On Tue, Jul 21, 2009 at 10:42 AM, Eugene Eric Kim eekim@blueoxen.comwrote:
We'll start seeding Meta with what we know (and probably quite a bit of what we don't) today, and I'll look forward to reading other people's thoughts.
That will be great.
There's a tradeoff between starting with a blank slate and the need to re-establish a community and a set of norms. My gut tells me that a blank slate is better for this project, but I'm open to other feedback.
Can you say more about your gut feelings here? What is the tradeoff specifically, and the purpose of the blank slate? (how would the first hundred pages be populated, for instance?) I am particularly concerned that the planning discussions not be launched only in english, or expected to be in english with sporadic other communication... and Meta is likely the best place to get hundreds of translators watching new pages and updates.
Please take my Chandler calendar with a grain of salt. We're just getting started, and it's incomplete. My main task right now is listening, and that hasn't necessarily been articulated on my calendar.
Cool, and many thanks for sharing your calendar! We should all do that. I was wondering about versioning - a pity it's not supported. A wiki list and bugzilla project should work as well. Someone just needs to write the eek-chand-to-wiki script :)
The best way existing community members can help with this process is to engage, be patient, and be open. It's a bit easier for me, because I'm not a complete outsider, and I've been part of the Wiki community for a long time.
Our community isn't limited to editors. Everyone involved in the strategic planning process, including the BS team, are community members -- presumably that's part of why they got involved with such a non-traditional effort.

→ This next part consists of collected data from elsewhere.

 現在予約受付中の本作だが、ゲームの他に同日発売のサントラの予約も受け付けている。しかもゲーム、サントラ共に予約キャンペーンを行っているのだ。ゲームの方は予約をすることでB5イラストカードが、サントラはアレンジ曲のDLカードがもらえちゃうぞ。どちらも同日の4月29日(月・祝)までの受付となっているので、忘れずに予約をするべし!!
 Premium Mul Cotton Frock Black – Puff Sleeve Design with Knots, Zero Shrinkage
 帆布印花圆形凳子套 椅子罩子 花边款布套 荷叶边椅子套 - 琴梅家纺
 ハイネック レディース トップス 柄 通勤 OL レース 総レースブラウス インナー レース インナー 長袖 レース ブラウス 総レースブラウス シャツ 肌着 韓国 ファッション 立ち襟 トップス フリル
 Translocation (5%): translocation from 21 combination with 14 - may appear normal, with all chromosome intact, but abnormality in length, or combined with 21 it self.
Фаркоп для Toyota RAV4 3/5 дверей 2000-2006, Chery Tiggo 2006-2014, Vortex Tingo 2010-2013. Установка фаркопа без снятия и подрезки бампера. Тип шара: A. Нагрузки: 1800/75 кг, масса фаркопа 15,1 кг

But if people don't see themselves as part of the community - don't communicate the way the community does with one another b/c they feel like outsiders - it's harder to collaborate.
For others, wrapping their heads around transparency and large-scale engagement might be a bit of a shock to their system.

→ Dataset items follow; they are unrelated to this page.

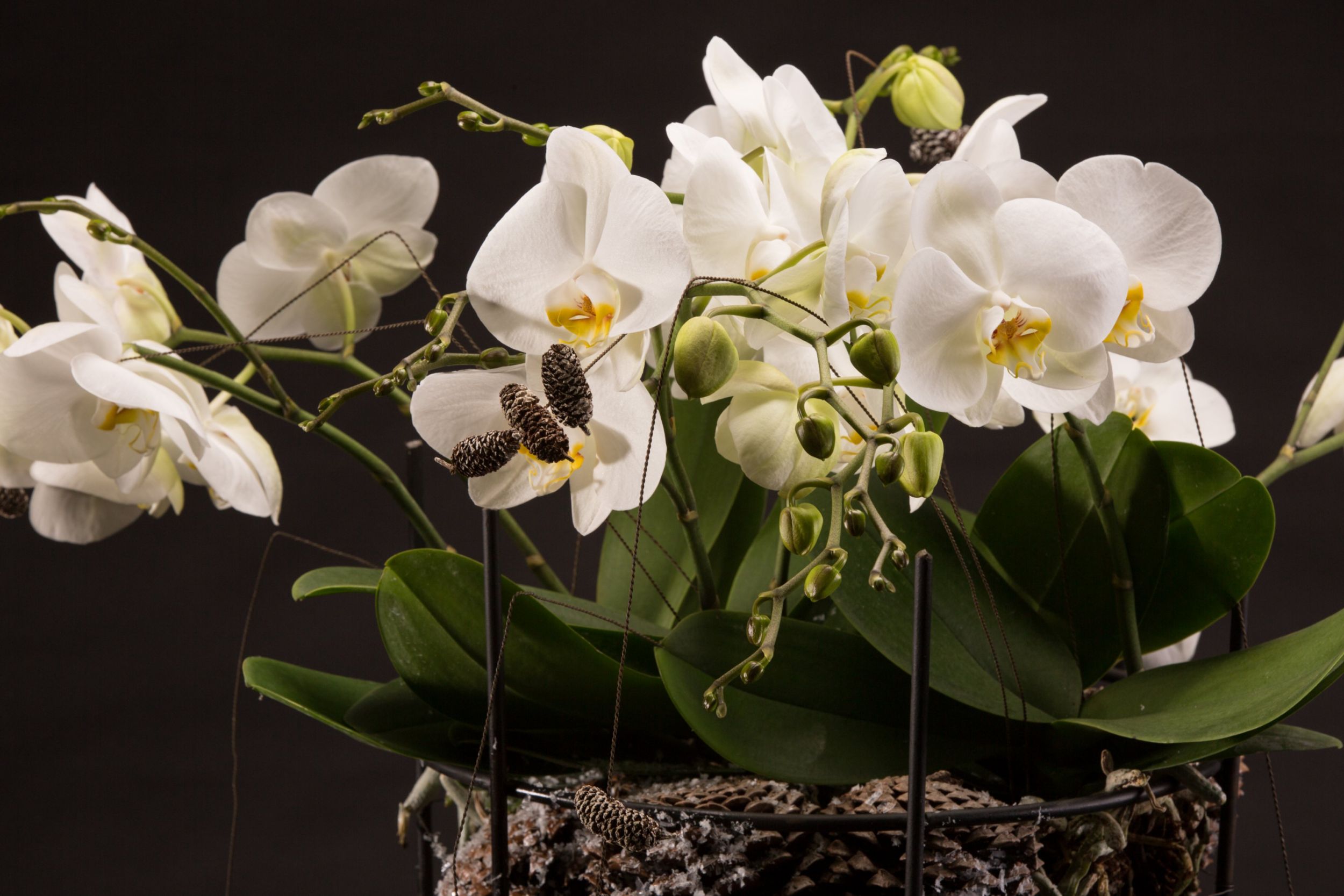 Wintery plant arrangement idea with Phalaenopsis by Roos van Unen. The 'Tablo' orchid from Opti-flor makes a lovely present for Christmas or wintertimes, especially when it is presented in such a wonderful way!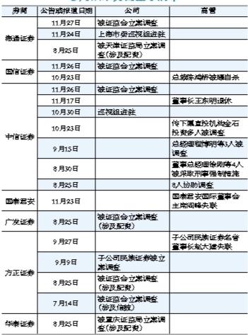 8月下旬华泰证券、海通证券、方正证券和广发证券等4家券商也被立案调查,调查均来自地方稽查机构。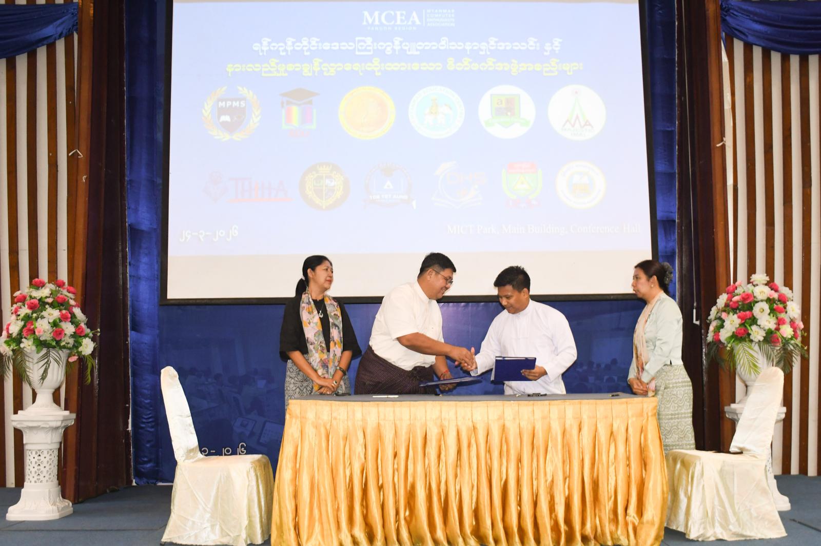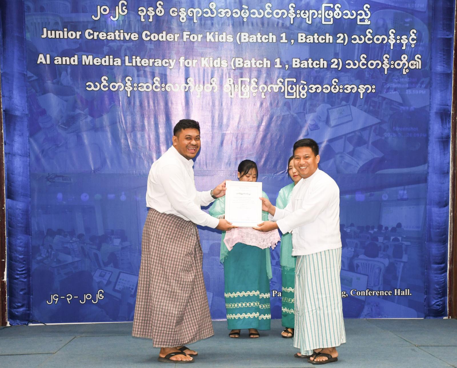ရန်ကုန်တိုင်းဒေသကြီး၊ ကွန်ပျူတာဝါသနာရှင်အသင်း၏ မိတ်ဖက်အဖွဲ့အစည်းများနှင့် နားလည်မှုစာချွန်လွှာ (MOU) ရေးထိုးခြင်းနှင့် ရန်ကုန်တိုင်းဒေသကြီး ကွန်ပျူတာဝါသနာရှင်အသင်းမှ ကြီးမှူးဖွင့်လှစ်သော ၂ဝ၂၆ ခုနှစ်၊ နွေရာသီအခမဲ့သင်တန်းများဖြစ်သည့် Junoir Creative Coding For Kids (Batch 1, Batch 2) 4 Al And Media Literacy For Kids (Batch 1, Batch 2)တို့၏ သင်တန်းဆင်းပွဲ အခမ်းအနားကို ယမန်နေ့ နံနက်ပိုင်းတွင် MICT Park Main Building, Conference Hall ၌ ကျင်းပသည်။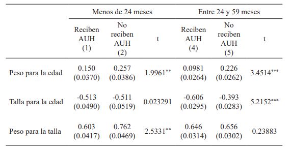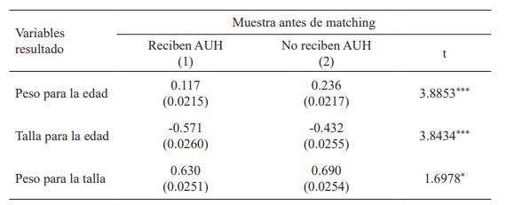 La tabla 1 presenta los valores medios de las tres variables de resultado para beneficiarios y no beneficiarios de la AUH en la muestra antes del matching. También se incluyen los resultados del test t para igualdad de medias en diferentes grupos. Las medias de los tres indicadores antropométricos son estadísticamente diferentes entre los niños que viven en hogares en los que al menos un miembro recibe AUH y los que no, aunque para el peso para la edad y talla para la edad la diferencia es significativa a un nivel de confianza del 99% y para el peso para la talla del 90%.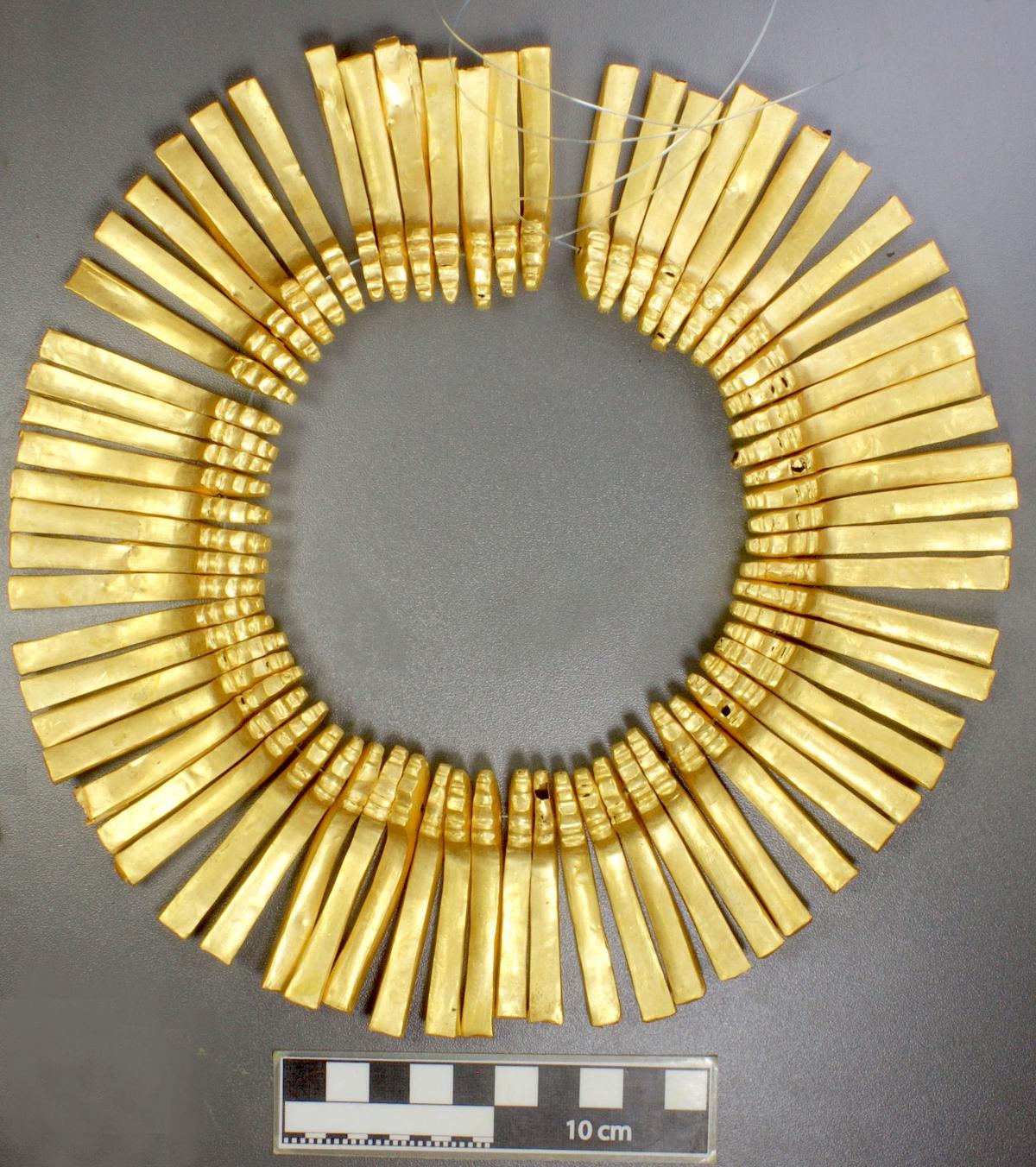 Commentary:  Burial with necklace or choker of feather type beads. Panamá Viejo.

Understand that this is a learning process for _all_ of us,
Absolutely.
and embrace this as a learning process for yourselves as well.
It's not 'us' and 'you'... we're all trying to get a grip on an interesting and wholly unsolved problem, with lots of information, processes, and ideas to internalize.
I would like to learn a great many things - about what BS does as an organization, what strategic planning processes are like (in variety, scope, and detail), what the Foundation (with the institutional experience in its staff) thinks makes for a good roadmap and timeline for different phases of dicsussion and planning, how to differentiate between short, medium and long-term planning within a fixed timeframe, what organizations BS or others consider similar enough that one should take lessons from their own historical strategic planning processes.
The editing community has one advantage over the rest of the community : the scalability of their work, knowledge, and ideas. They collaborate with one another in their daily work and debate in a way that allows others to engage them instantly and simply, without waiting for specific meeting times, polished drafts, or sporadic private interactions. I hope this is one of the first lessons shared.